9 February 2011

Homily on Bl John Henry Newman

Homily by Fr Daniel Seward, Cong Orat

for the Newman Society’s termly Mass, 8th February 2011

Oriel College

Our Cardinal has now been beatified. So it’s important for us to ask: what is a saint, and why should we want Newman to be raised to the altars of the Church? To have a saint of our own is not just a feather in our cap, or even an excuse to promote the different causes to which Newman devoted his life. It is about much more that that: the Church beatifies and canonizes men and women from among her number in order to glorify their sanctity. Holiness – that is what it is all about. The saints show us that heroic sanctity is possible and necessary for us as Christians. They remind us of that call to holiness which is addressed to each of us, and they encourage us on our journey towards that perfection for which God has created us. Whatever the value of Newman’s theology, or his prose, or the interest of his many letters; all this is as nothing in comparison with the importance of his holiness – the extent to which he imitated Christ in his earthly life.

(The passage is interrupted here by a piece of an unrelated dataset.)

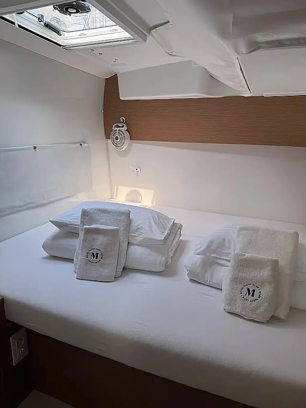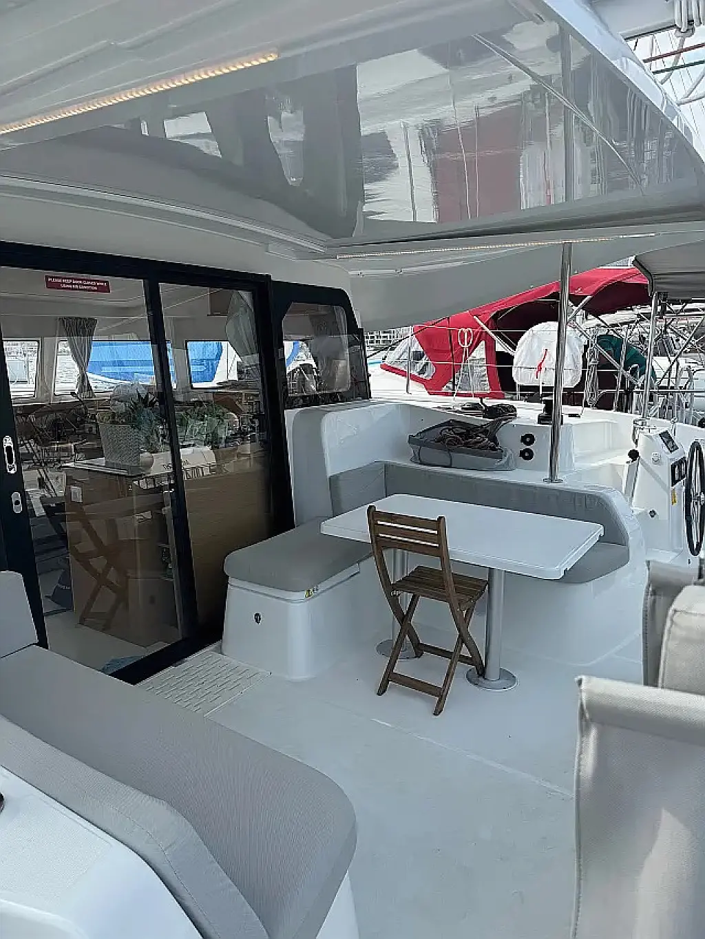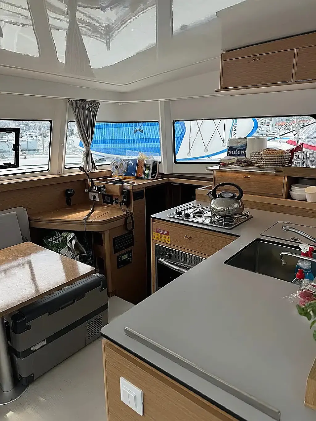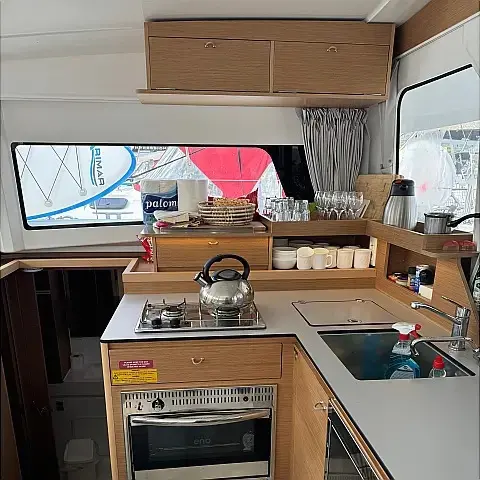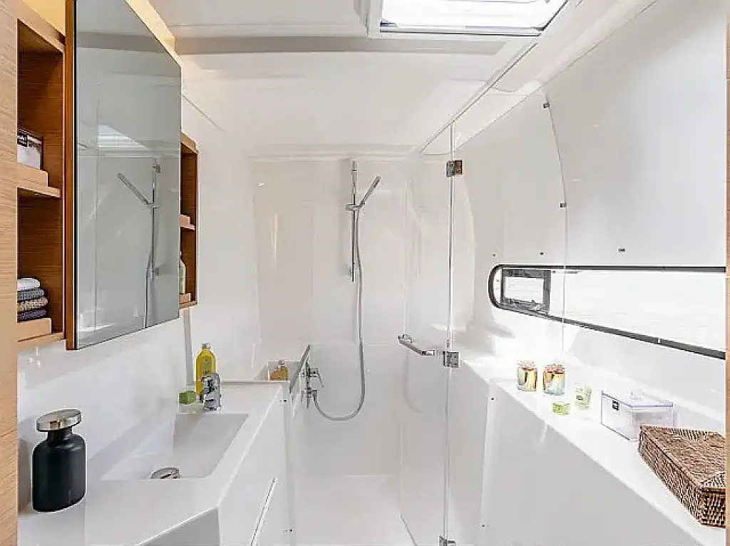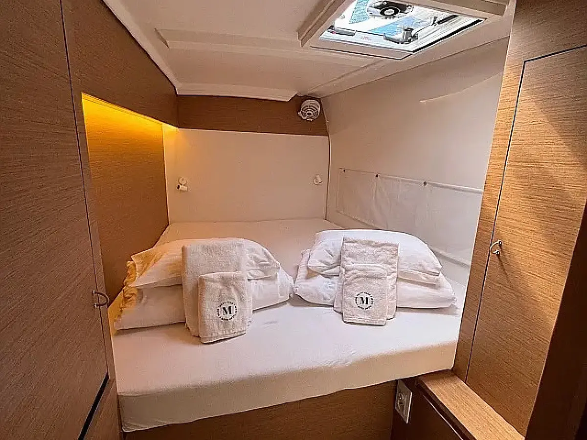 Luftkonditionering, Soltak, cockpitkuddar, Sittbrunnshögtalare, Gummibåt, Kaffemaskin, Kylskåp, Elektrisk toalett, Generator, Värmare, Septiktank, Inverter, Utombordsmotor, solpaneler, Wi-Fi och Internet
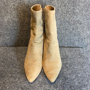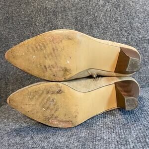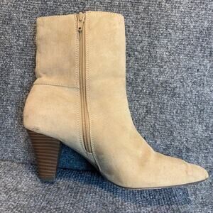 LOFT Tan Ankle Booties Womens 7 Stacked 2.75 inch Heel Side Zipper Shoes

St Philip [Neri] used to say that we should never marvel at what the saints do, but rather at what God does in His saints. So here is the first qualification for holiness. If a person is merely a human marvel, that is no doubt a good thing, but it is not enough. He must point us beyond Himself to the God who is the source of all holiness. So to make someone a saint is not the equivalent of giving them the Nobel Prize or a kind of celestial knighthood, it is done for the glory of God alone.

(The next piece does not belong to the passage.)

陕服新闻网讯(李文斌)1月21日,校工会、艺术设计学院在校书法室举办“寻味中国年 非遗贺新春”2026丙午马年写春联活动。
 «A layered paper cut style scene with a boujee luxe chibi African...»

The deep wish to do God’s will and to pursue holiness marked out John Henry Newman from a young age, in a way that he saw very clearly to be a mark of Divine Providence. The Calvinist religion in which the young Newman began his spiritual journey attached great importance to God’s grace but very little to personal holiness. Yet his inner conversion at the age of fifteen was accompanied by an unusual conviction that God was calling him to a celibate life. St Paul said, “The world as we know it is passing away. I should like you to be free of all worries. The unmarried man is busy with the Lord’s affairs, concerned with pleasing the Lord”. So the young Newman, while still a Protestant, made that sacrifice of himself in witness to the transience of this world and the endurance of the kingdom of heaven. Celibacy is certainly not the only route to holiness of course, but for Newman, it was part of his conviction that God had a mission for him, a definite service, a work committed to him not given to any other.